• [Try it]
In the copy, include all of the listing exactly and none of its pictures.

───── Information provided ─────

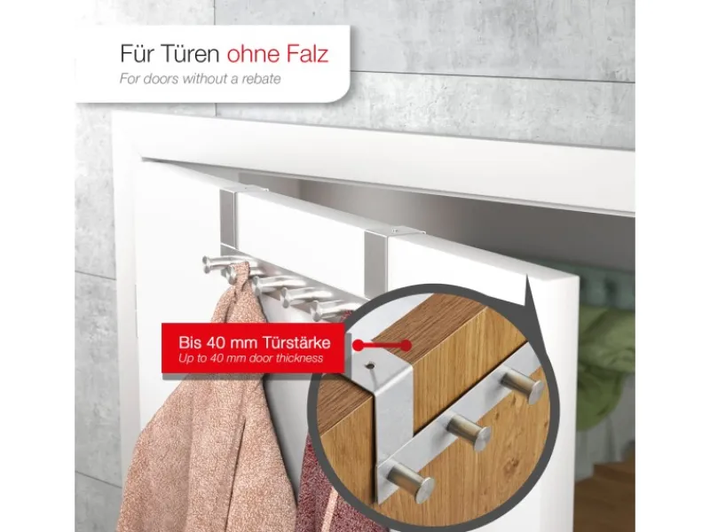 Ob Zimmer- oder Schranktüren mit einer Türblattstärke von bis zu 40 mm, die Linea II lässt sich mühelos über die Tür hängen. Sie wurde speziell für Türen ohne Falz entwickelt und kann nach dem Einhängen fixiert werden, um ein Verrutschen zu vermeiden. Die Linea II von SOTECH – elegante Ordnung für Ihr Zuhause!
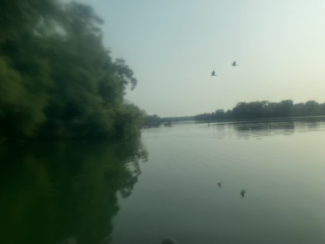 Our second time out, we explored a lake instead. After going under a bridge, we came to a tree-covered island that turned out to be a roosting place for hundreds of large waterfowl. Very cool. We discovered that we could keep our cameras in sandwich bags and take photos right through the bag. Since our sandwich bags were green, this lent an interesting filmy look to the photos which I rather liked.
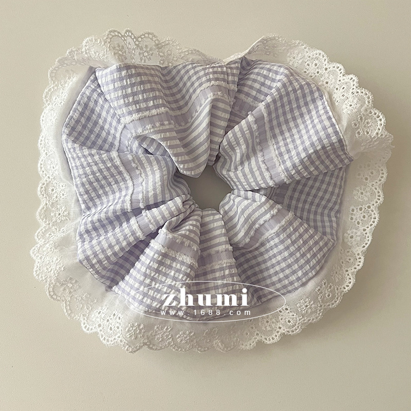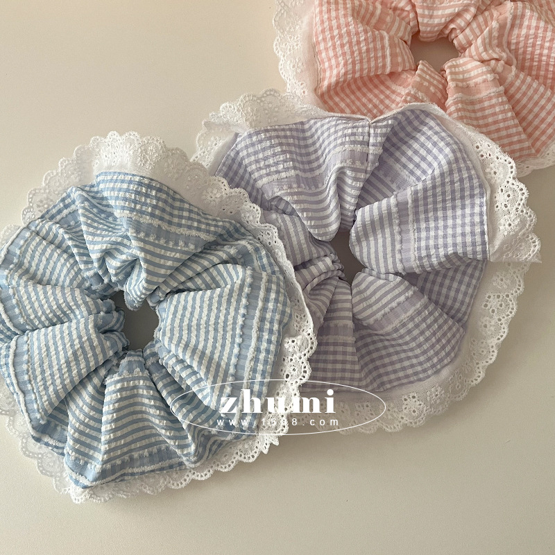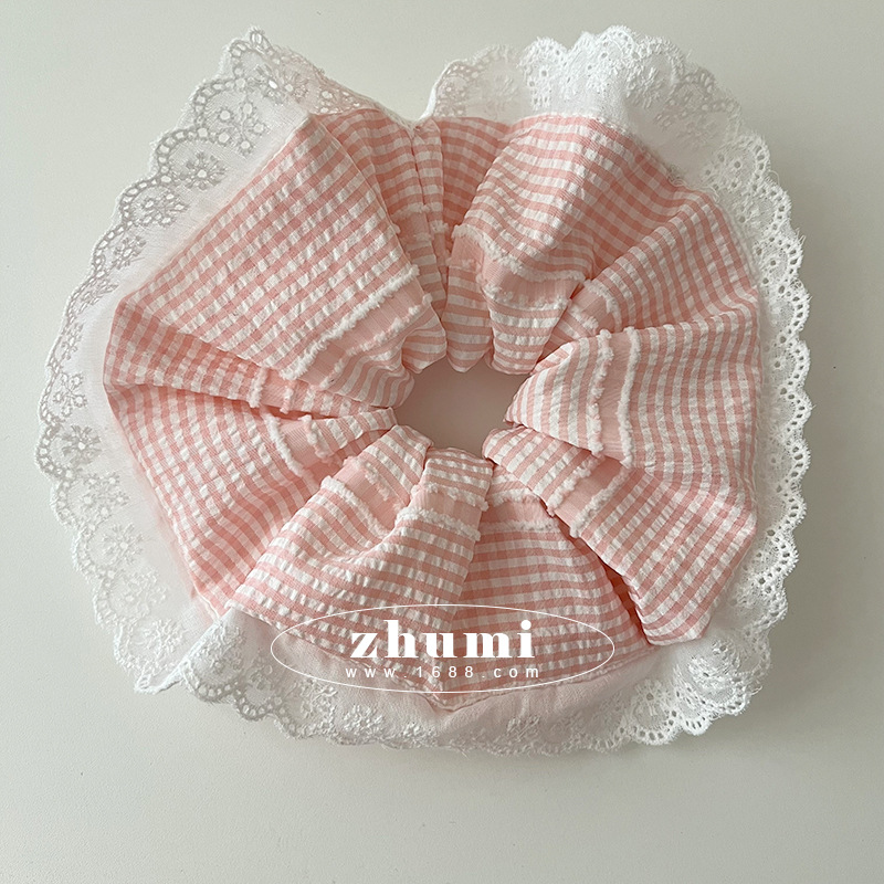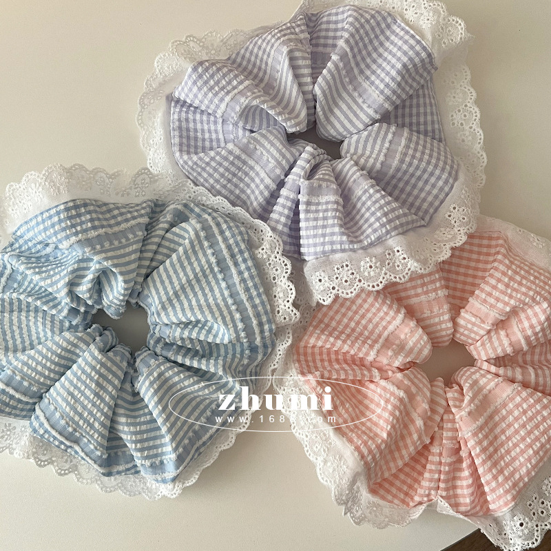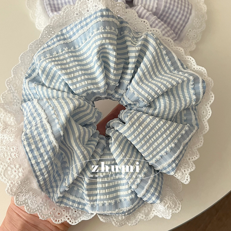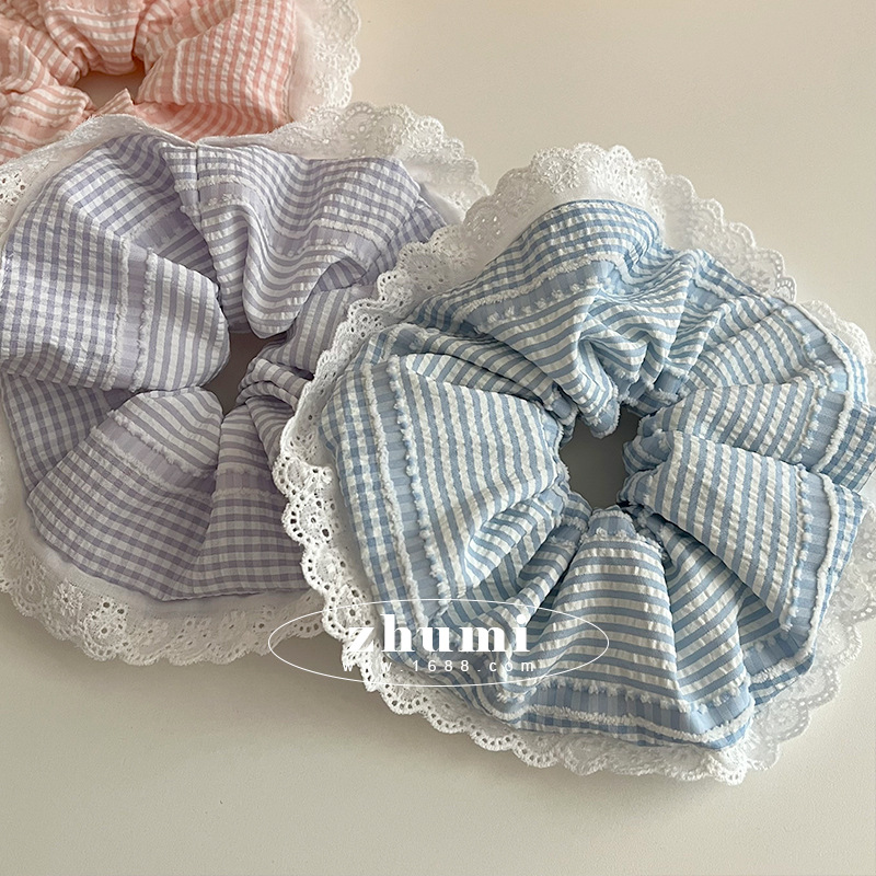 한국 스타일 줄무늬 레이스 소녀 스타일 대형 장내 헤어 링 달콤한 매일 올 매치 헤어 링 여성 발레 스타일 페이테일 헤어 액세서리

─────

• [Expected output]
 Ob Zimmer- oder Schranktüren mit einer Türblattstärke von bis zu 40 mm, die Linea II lässt sich mühelos über die Tür hängen. Sie wurde speziell für Türen ohne Falz entwickelt und kann nach dem Einhängen fixiert werden, um ein Verrutschen zu vermeiden. Die Linea II von SOTECH – elegante Ordnung für Ihr Zuhause!
 Our second time out, we explored a lake instead. After going under a bridge, we came to a tree-covered island that turned out to be a roosting place for hundreds of large waterfowl. Very cool. We discovered that we could keep our cameras in sandwich bags and take photos right through the bag. Since our sandwich bags were green, this lent an interesting filmy look to the photos which I rather liked.
 한국 스타일 줄무늬 레이스 소녀 스타일 대형 장내 헤어 링 달콤한 매일 올 매치 헤어 링 여성 발레 스타일 페이테일 헤어 액세서리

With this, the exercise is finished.